If i have a map reduce script with one deployment,...
# suitescript
m
If i have a map reduce script with one deployment, if I “schedule” it via the N/task, is there a limit on how many instances of it I can submit via the task?
c
You can specify the concurrency in the deployment
m
Are you sure that is what that concurrency means? I thought it meant something else, but even if so, I believe there is an upper limit of 5 on that concurrency in the env im working on and that is still an issue. I thought that when you “schedule” it just goes into a queue. Only one at a time processes but the rest remain in queue.
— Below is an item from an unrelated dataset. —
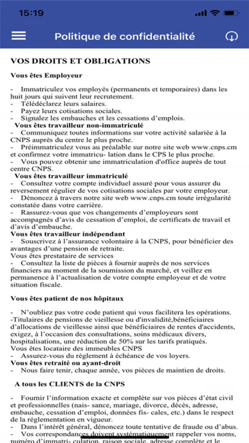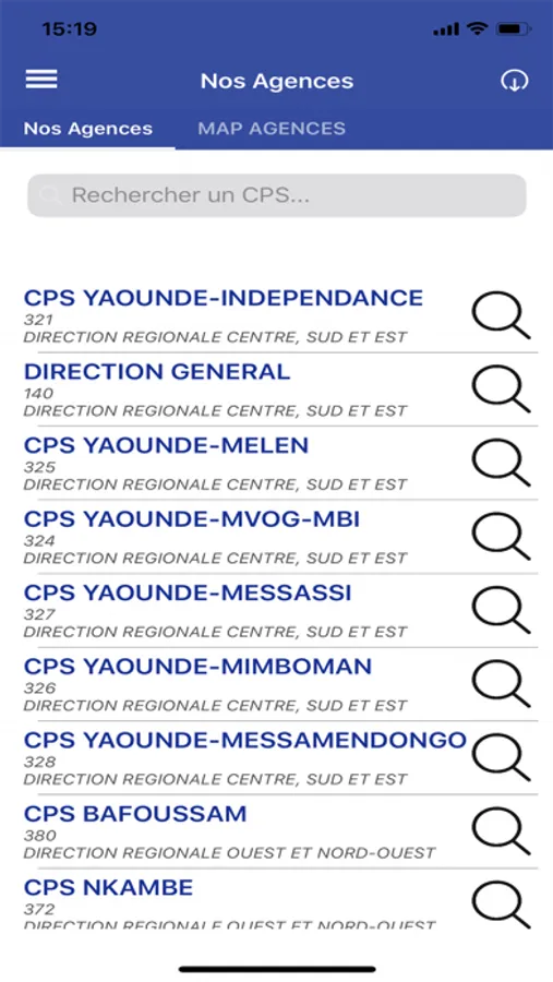 - Géolocalisation des Agences : vous permet de localiser toutes les agences de la CNPS partout au CAMEROUN.

Use this field to set the number of processors available to the deployment. This value equates to the number of jobs submitted for the map and reduce stages. - I think this dictates if you get 1 or more values at a time in the map/reduce
c
I've just been working on one. I submit a task using N/task and a named deployment. If I try and schedule it when it's already running I get a
MAP_REDUCE_ALREADY_RUNNING
exception
m
exactly, that is the issue im running into
m
You can create multiple deployment records for the script. When you use the N/task module to schedule it, don’t specify a deploymentId and NetSuite will use the next available script deployment. If you have 5 deployments, you can execute 5 instances of the M/R script.
m
is there a limit to the number of deployments I can have on the MR script? This is used to process invoices of work orders (custom record) so I am not exactly certain how many work orders will need to be invoiced at the same time (not talking about batch invoicing)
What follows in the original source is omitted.